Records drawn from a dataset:

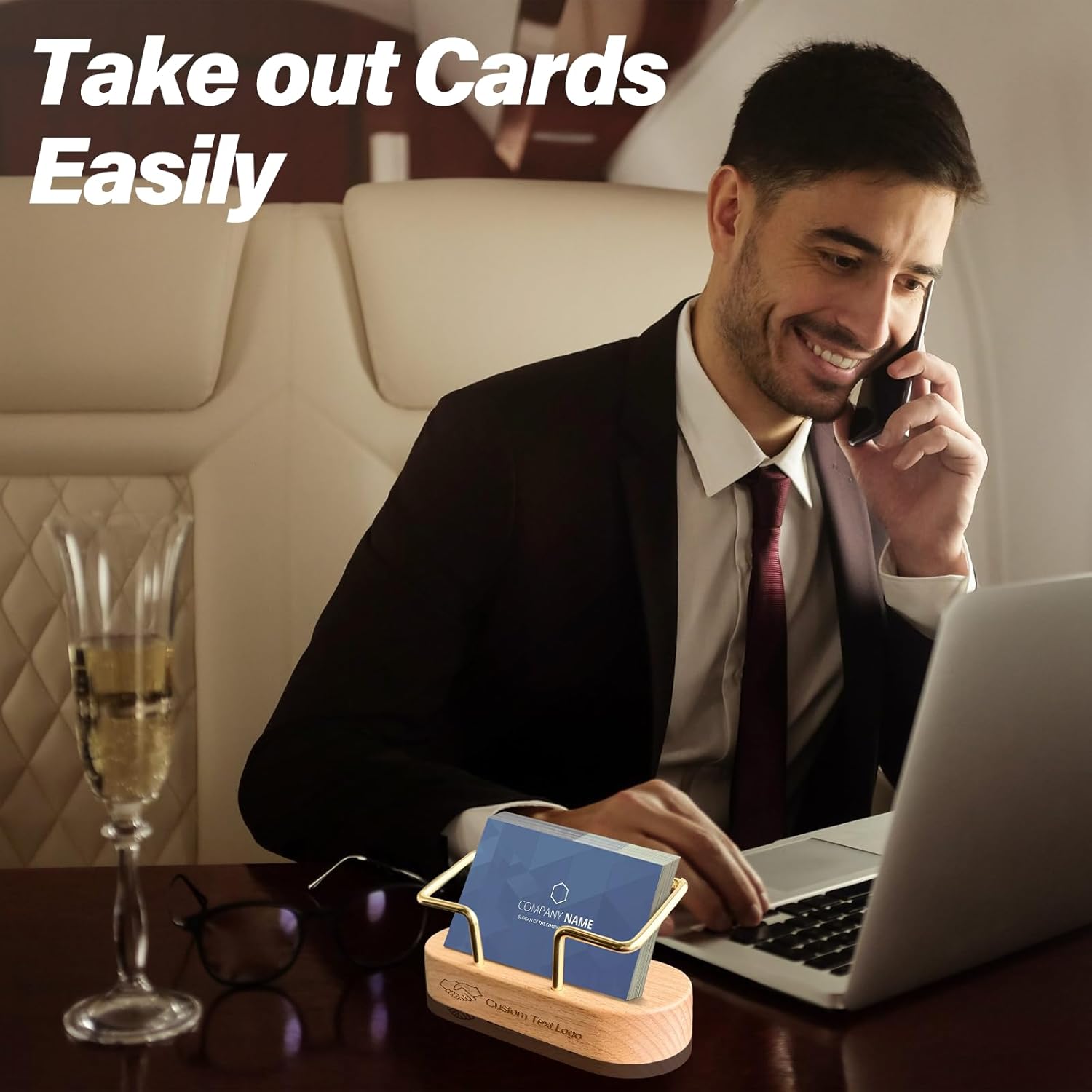 Custom Business Card Holder Desk-Personalized Engraved Wooden Business Card Case Holder, Customized Name Logo Business Card Display Gifts for Men Women (Style2-White)
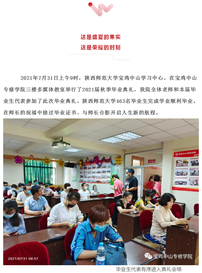 我们毕业啦!2021年7月31日陕西师范大学宝鸡中山学习中心秋季毕业典礼
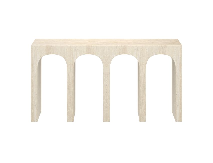 Sustainable and long-lasting furniture doesn't have to be hard to find - these commercial-grade tables are ready to stand up to any test. The durable build and finish of this grand console table is resistant to staining, heat, and scratches. A beautiful place to serve hors d'oeuvres, place name cards, or hold flower arrangements. A standout piece with four majestic arches, and the Travertine finish is a great way to elevate the look the of any space.
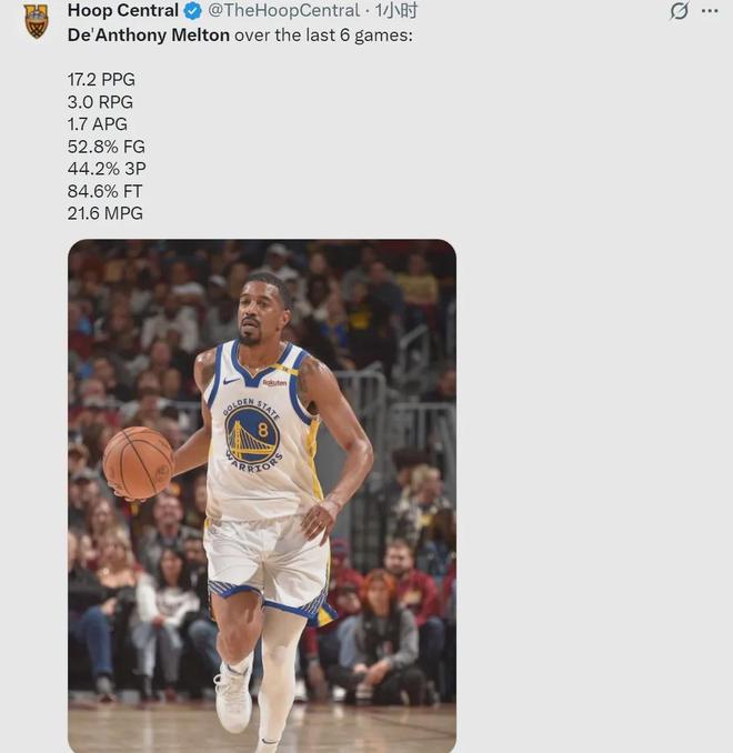 勇士过去15场比赛,梅尔顿出战了13场,勇士战绩为11胜2负;他缺席的两场比赛,勇士0胜2负。最近6场比赛,梅尔顿场均出战21.6分钟,能砍下17.2分3篮板1.7助攻,投篮命中率52.8%,三分命中率44.2%,罚球命中率84.6%。
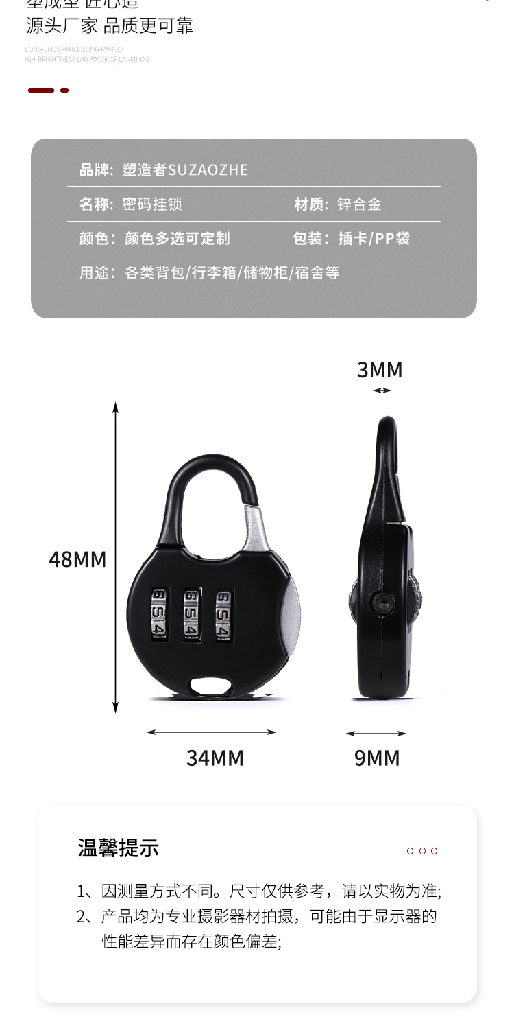 锌合金密码挂锁迷你柜子柜门锁家用背包行李箱学生宿舍密码小挂锁
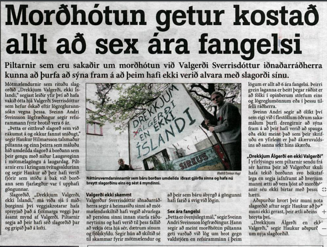 Líklega er þetta fyrsta aðgerðin aem Haukur tók þátt í sem olli fjaðrafoki og sennilega sú eina sem hann sjálfur leit síðar á sem ungæðishátt. Vitanlega var þetta ekki hugsað sem hótun heldur slagorð, sem beint var gegn ábyrgð ráðherra á eyðileggingu hálendisins. Hefðu þeir ætlað að ráða einhvern af dögum hefðu þeir væntanlega haft hljótt um það. Þeir félagar áttuðu sig á því fullseint að þeir hefðu átt að tala um „Álgerði“ frekar en Valgerði.
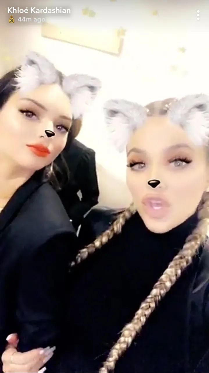 Pregnant Khloé Kardashian, 33, who wore a curve-hugging black outfit that showed off her baby bump, also shared a video backstage with half-sister Kendall Jenner, 22.

◆ **WORK REQUIRED**:
Begin at the first line of the entries above and return each line exactly, stopping after the line that contains "我们毕业啦!2021年7月31日陕西师范大学宝鸡中山学习中心秋季毕业典礼". Pictures do not belong in the copy.

◆ **ANSWER TO THE PROBLEM**:
 Custom Business Card Holder Desk-Personalized Engraved Wooden Business Card Case Holder, Customized Name Logo Business Card Display Gifts for Men Women (Style2-White)
 我们毕业啦!2021年7月31日陕西师范大学宝鸡中山学习中心秋季毕业典礼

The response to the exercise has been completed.